The use of technology as a tool within the design process has always fascinated me. Over the past couple of decades, our industry has been revolutionised in ways that would have been difficult to imagine in times prior to the 1980’s – think CAD, 3D, Photoshop, scanners, digital cameras, LED lighting, laptops and justabout anything connected to the internet or requiring a charger!
Recently, 3D printing has been gaining prominence. As the powers and capabilities of the hardware and software improve, the costs become lower and the technology becomes ever more accessible. Whilst exploring a tangent on Google, I stumbled upon this wonderful video from Makerbot highlighting the work of theatre set designer, Kacie Hultgren.
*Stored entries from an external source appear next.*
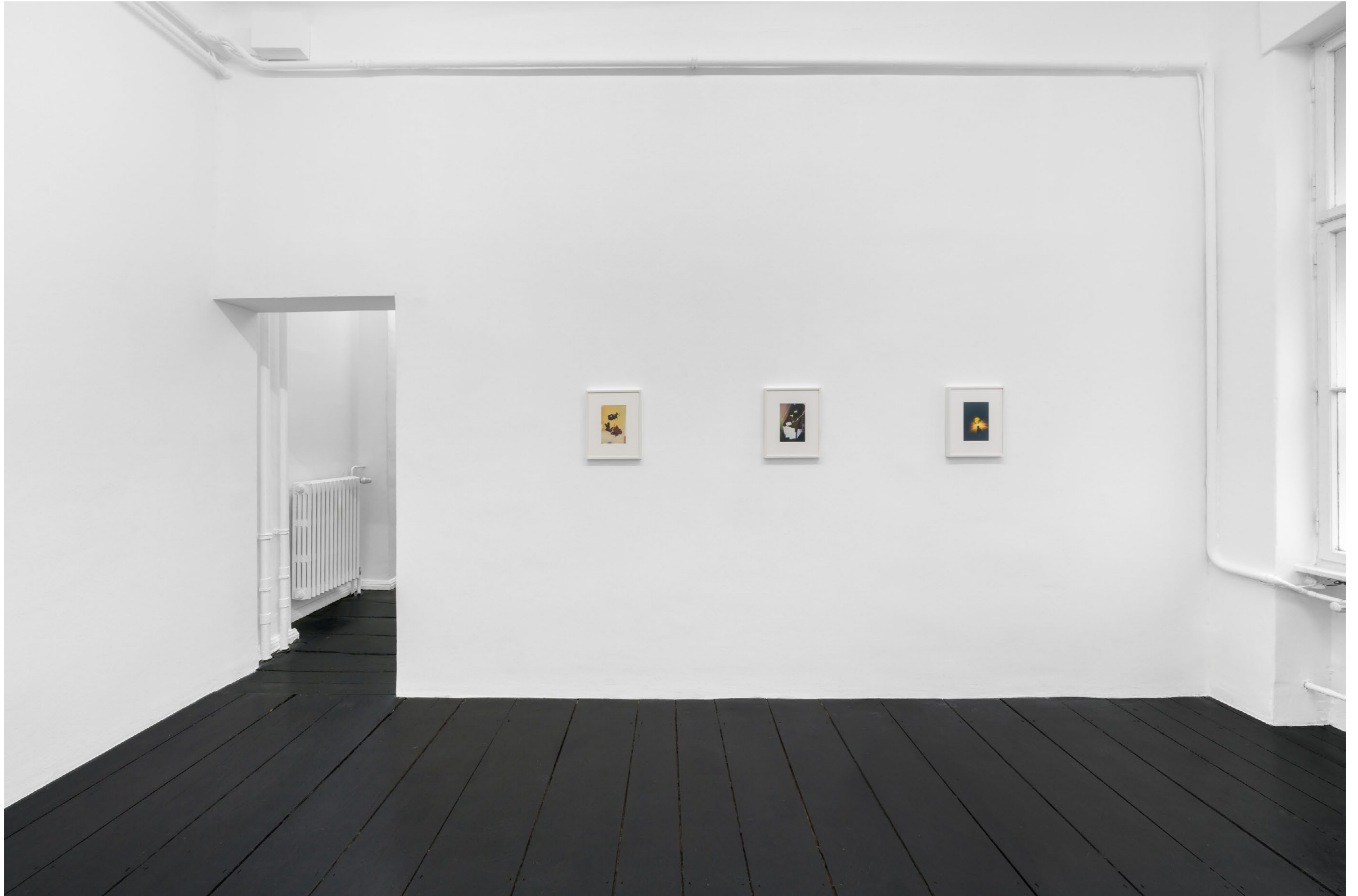
Installation view, Bedroom, Christmas Morning , Galerie Isabella Bortolozzi, Berlin, 2025
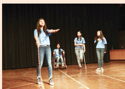
Medical college students performing skit
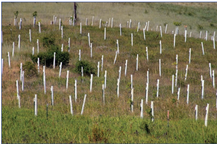
Figure 7. Animal damage protection can be critical in some Idaho reforestation efforts.

White tail deer ( Odocoileus virginianus [Zimmermann 1780]), mule deer ( O. hemionus [Rafinesque 1817]), elk ( Cervus elaphus [Linnaeus 1758]), and moose ( Alces americanus [Clinton 1822]) all frequently browse on Idaho tree seedlings, especially on sites that coincide with winter range for these animals. The most common methods used to help seedlings survive browse damage are rigid plastic mesh tubes (figure 7) and repellents. As trees grow older, individual saplings are occasionally damaged by ungulates rubbing the velvet from their antlers, though sometimes trees survive this activity. Western red-cedar and hardwood species, such as aspen, often cannot be successfully established without protection from ungulates.
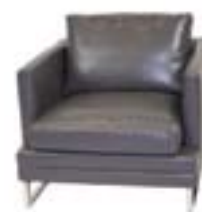
LG735 TRIBECA LEATHER CHAIR Grey 34"Wx36"Dx33"H
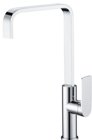
PBS1001 - RUKI Sink Mixer - Chrome
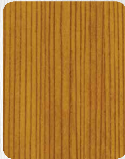
American Douglas - DS402S + 1501/02
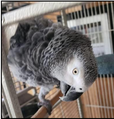
African Grey Parrot

A variety of birds are available for adoption at Birds of a Feather Parrot Rescue of New Mexico (BFPR). HDBC is partnering with BFPR to help with receiving, fostering and rehoming pet birds.
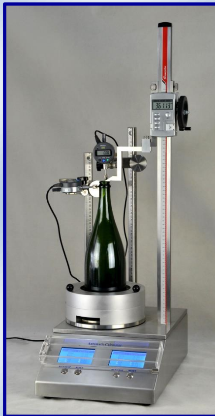
UBPT-3 with 3 measuring heads (for mouth clearance, perpendicularity & height) and integrated double automatic calculators
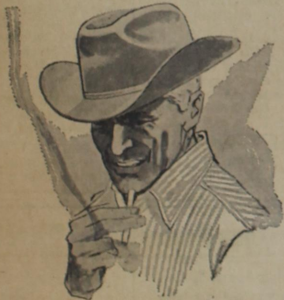
The Ft. Worth

The Westerner who chooses a horse that sits well also demands a Western hat that fits nice and easy. The exclusive "Self-Conforming"® suspended sweatband gives instant comfort from the first time it's put on. Try one on today — see how real comfort should feel.
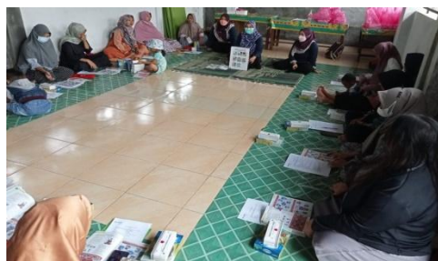
Figure 1 During counseling

After providing counseling, we continued by carrying out gymnastics practices during the exercise guided by members of the service team and pregnant women followed the directions of the pregnancy exercise guide according to those in the leaflet and were very enthusiastic and happy with the pregnancy exercise activities held at TPMB Miftahul Khoiriyah, S.Keb. Bd.
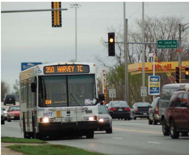
Congestion on arterial roads continues to be a problem for Pace.

*Ridership includes companions and personal care attendants.
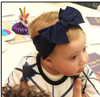
The smallest and the tallest!
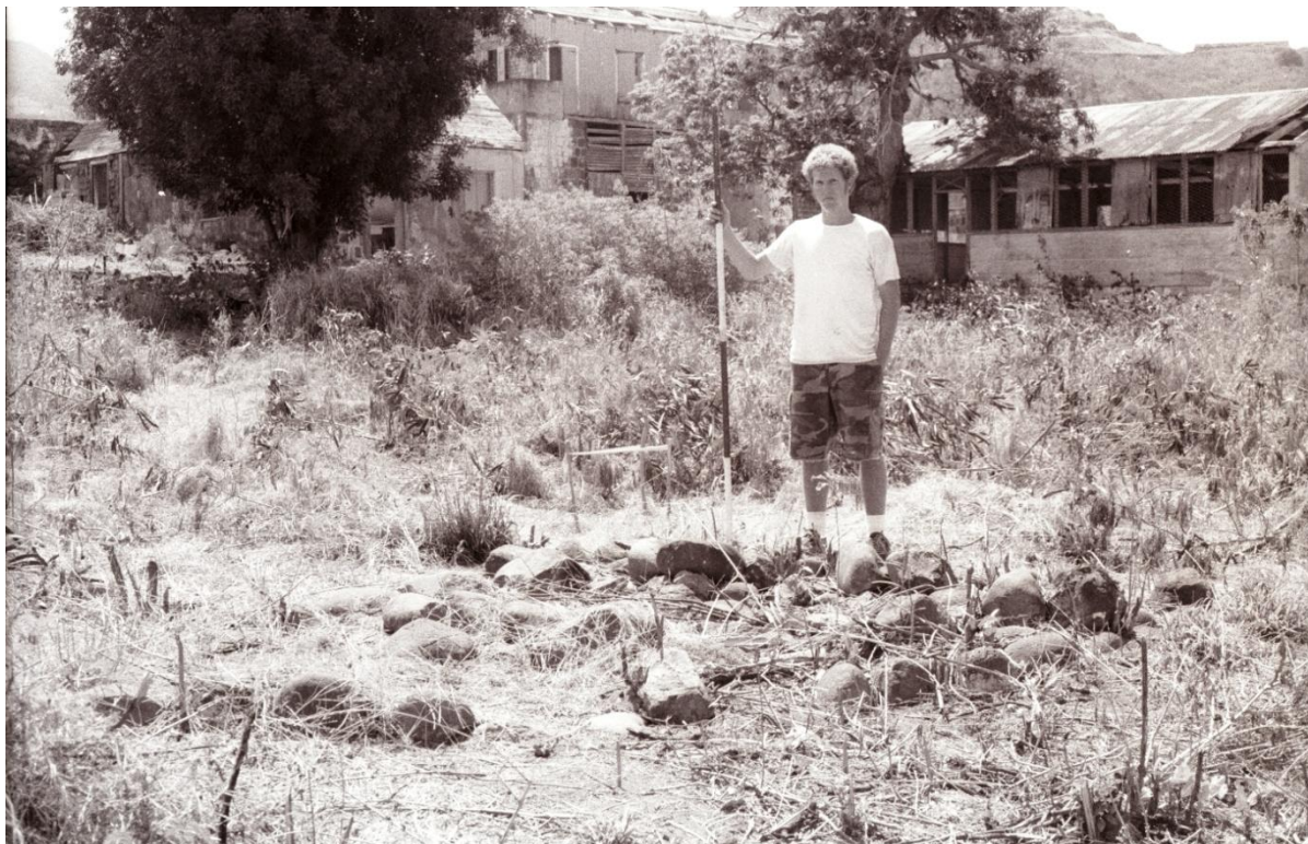
Figure 4.—Rock pattern south of Structures 35 and 36, view southeast, Structures 4, 7, and 8 visible in background (See Figure 2).
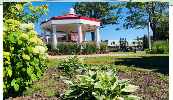
Victoria Square is at the centre of downtown Amherst and the site of the cenotaph.
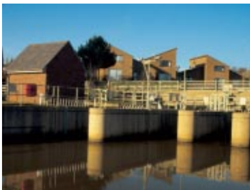
Eastern Yar sluices
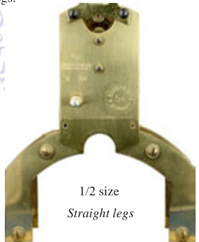
1/2 size Straight legs
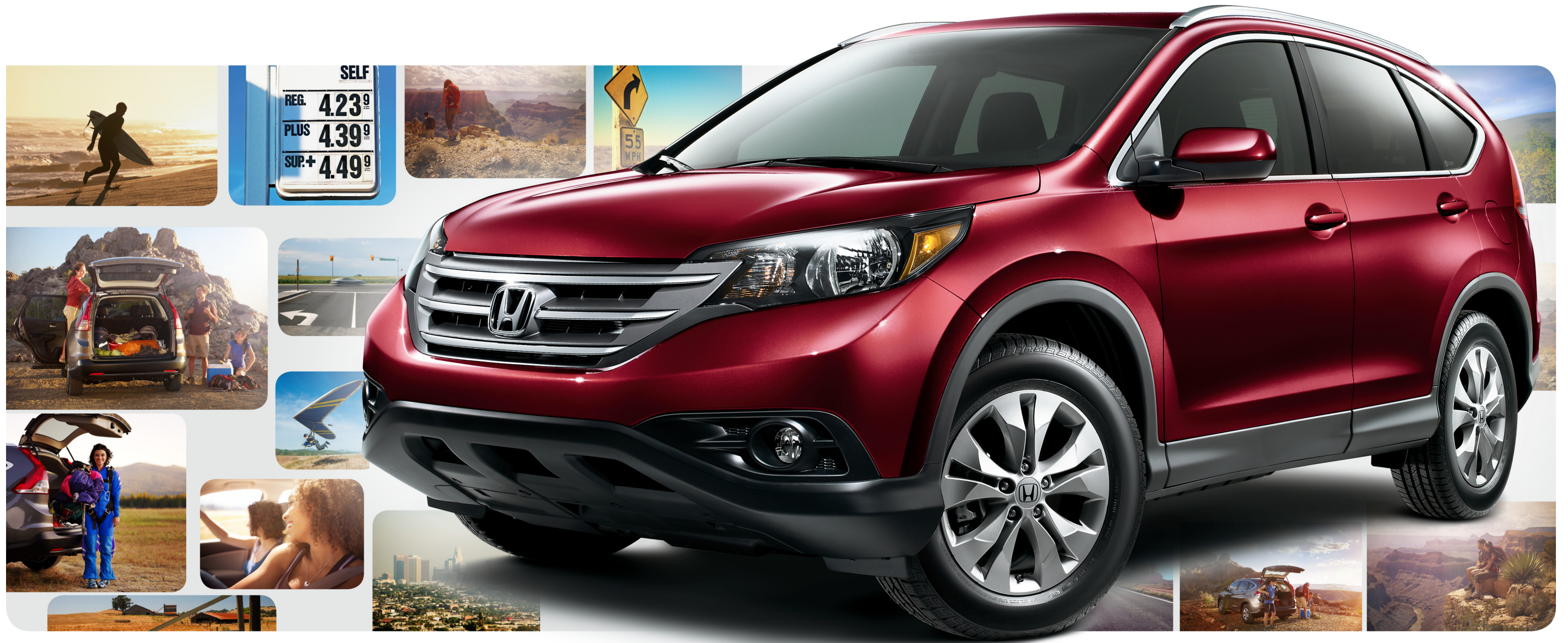
CR-V AWD EX-L shown in Basque Red Pearl II.

From bumper to bumper, the CR-V is loaded with just about everything you need to do all the things you want to do. It's your ultra-versatile adventure partner, built to take you just about anywhere you're willing to go. So buckle up and let's do this. We've got a lot of ground to cover.
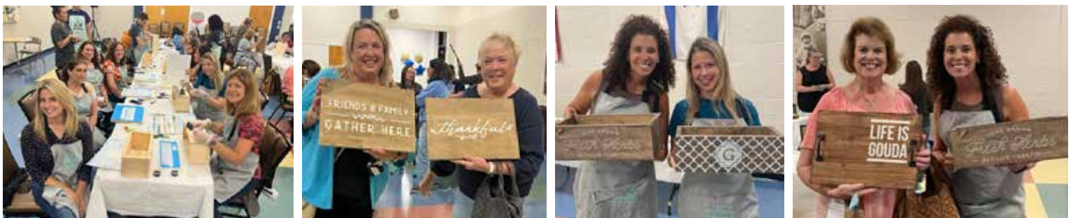
Sisterhood's Kick Off Event with AR Workshop was so much fun. Look at their beautiful creations!
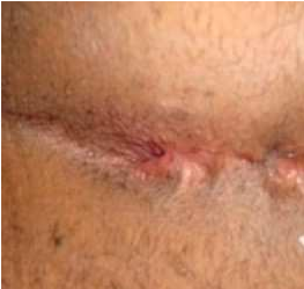
Fig. 3. Recurrent PNS with scarring and fistula.
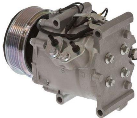
6511562 • Side by Side Hose Connections
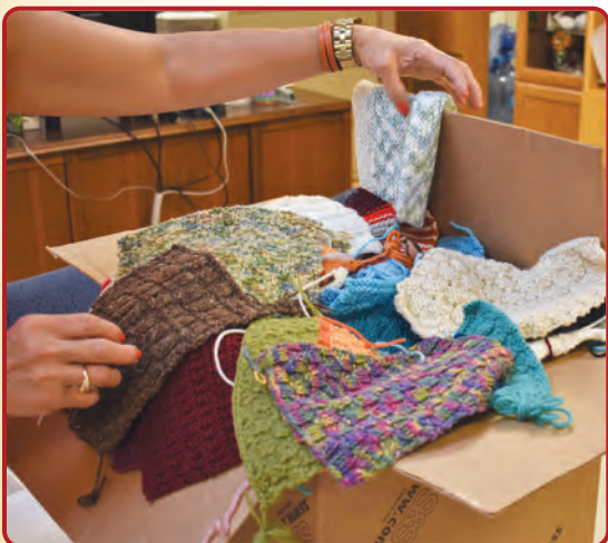
Residents preparing a shipment of knitted fabric squares for donation to Online Angels Charity
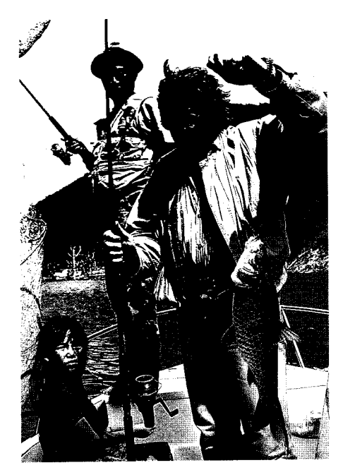
FCCT Presidentissimo tempts wrath of fish rights activists

One of the few ways of being bitten by a snake is to accidentally step on one — (which I have done, without being bitten) — or if you stumble upon a lady cobra with eggs, and she thinks you are going to steal them. Like any caring mother, she will defend her offsprings. Then, of course, there are uncivilised snakes as well, such as the Malayan pit viper (which doesn't go away when he takes up the scent of human beings) and the green pit viper (which likes to hang out in trees and may fall on you).
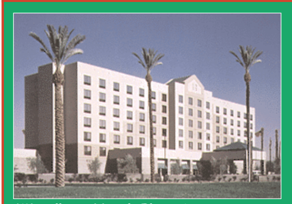
Wyndham Hotel, Phoenix
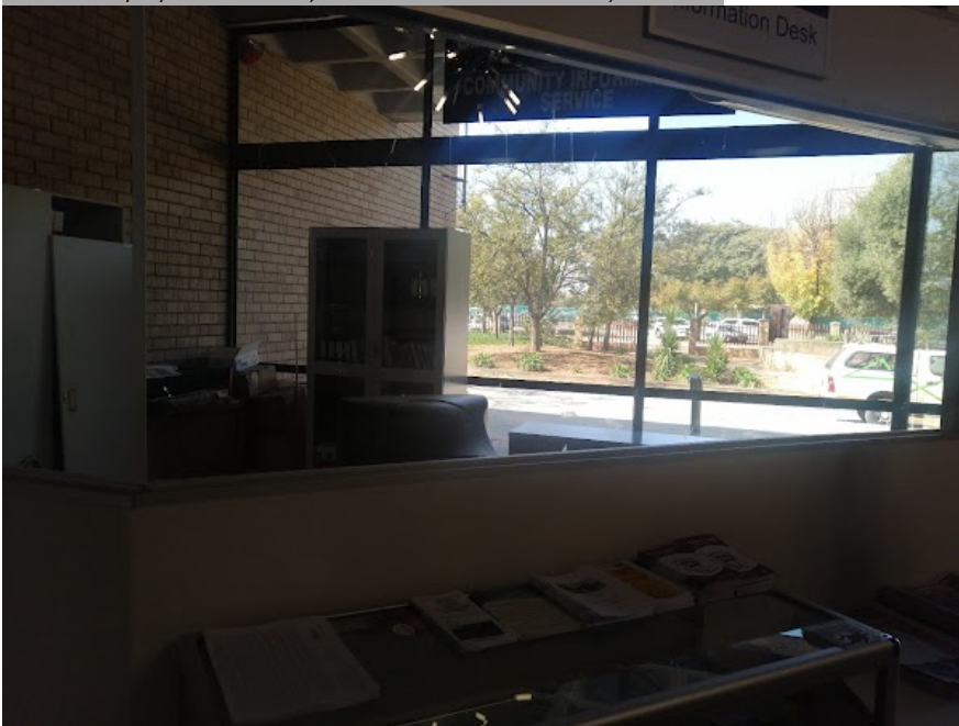
Handouts in Welkom library

Handout: 16/05/2022 12:12:19; GPS Coordinates: -27.978798, 26.737546
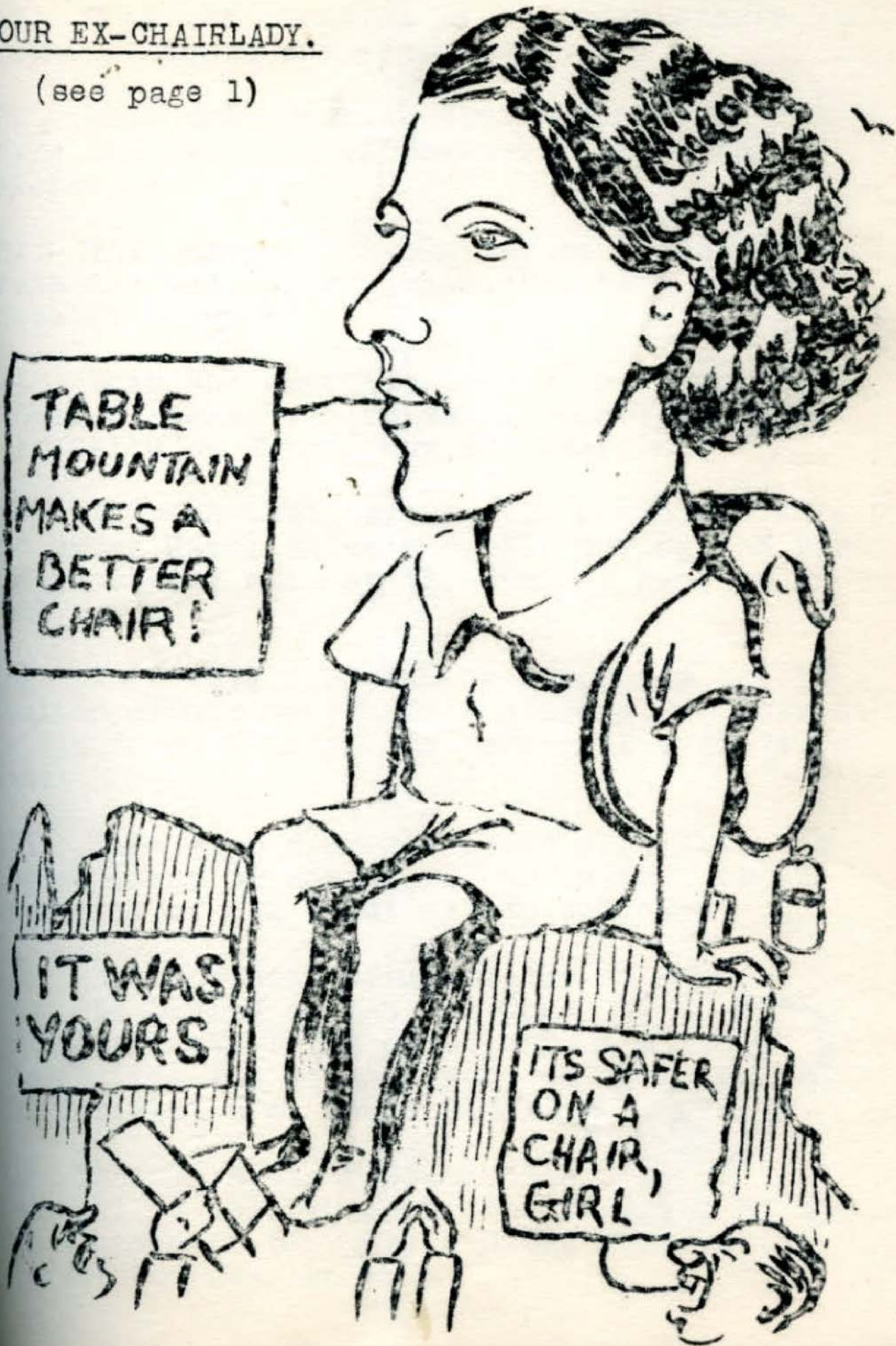
TABLE MOUNTAIN MAKES A BETTER CHAIR!
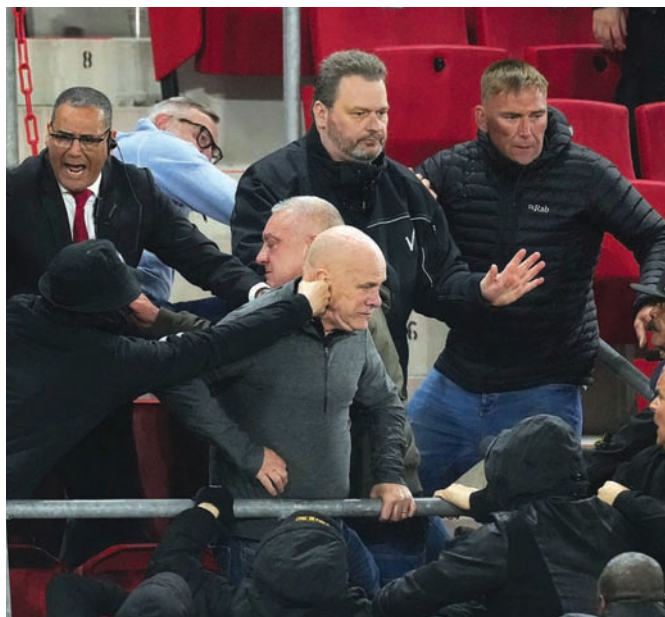
Supporters of AZ Alkmaar and West Ham United clash in the stands after the UEFA Conference League semi-final match.
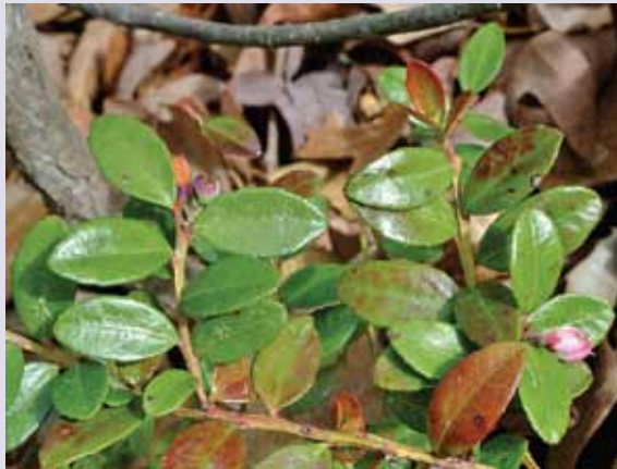
Naturally occurring Box Huckleberry (Gaylussacia brachycera) at Nanticoke State Wildlife Area, Delaware.
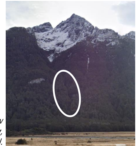
Knobs Flat Creek below Largs Peak, intimidating, with potential.

https://www.kiwicanyons.org/knobs-flat-creek https://maps.app.goo.gl/Q22sFcoDDSCW2eTY7
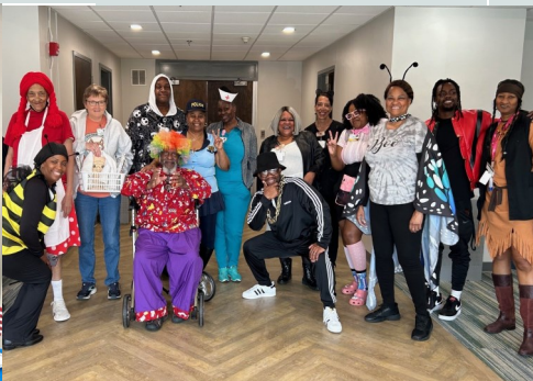
Residents and staff participated in a Halloween costume contest.

Kacie uses a 3D printer from Makerbot to “print” detailed scale models of props and sets for the set design models of Broadway productions she is working on.
For Kacie, a 3D printer has enabled her not only to save time, but also to plug a gap that existed in commercially available content.
A number of her designs are now available as ready printed models, or as open source downloads from Thingiverse that you print on your own 3D printer.
This ability to not only print designs for presentation, but then sell designs and models digitally suggests a paradigm shift in the way that designers work and market their work. There are downsides, not least the potential for piracy that has afflicted the music and film industry. Hopefully, designers will be quick to embrace this opportunity, but even quicker to design a means of securing their IP.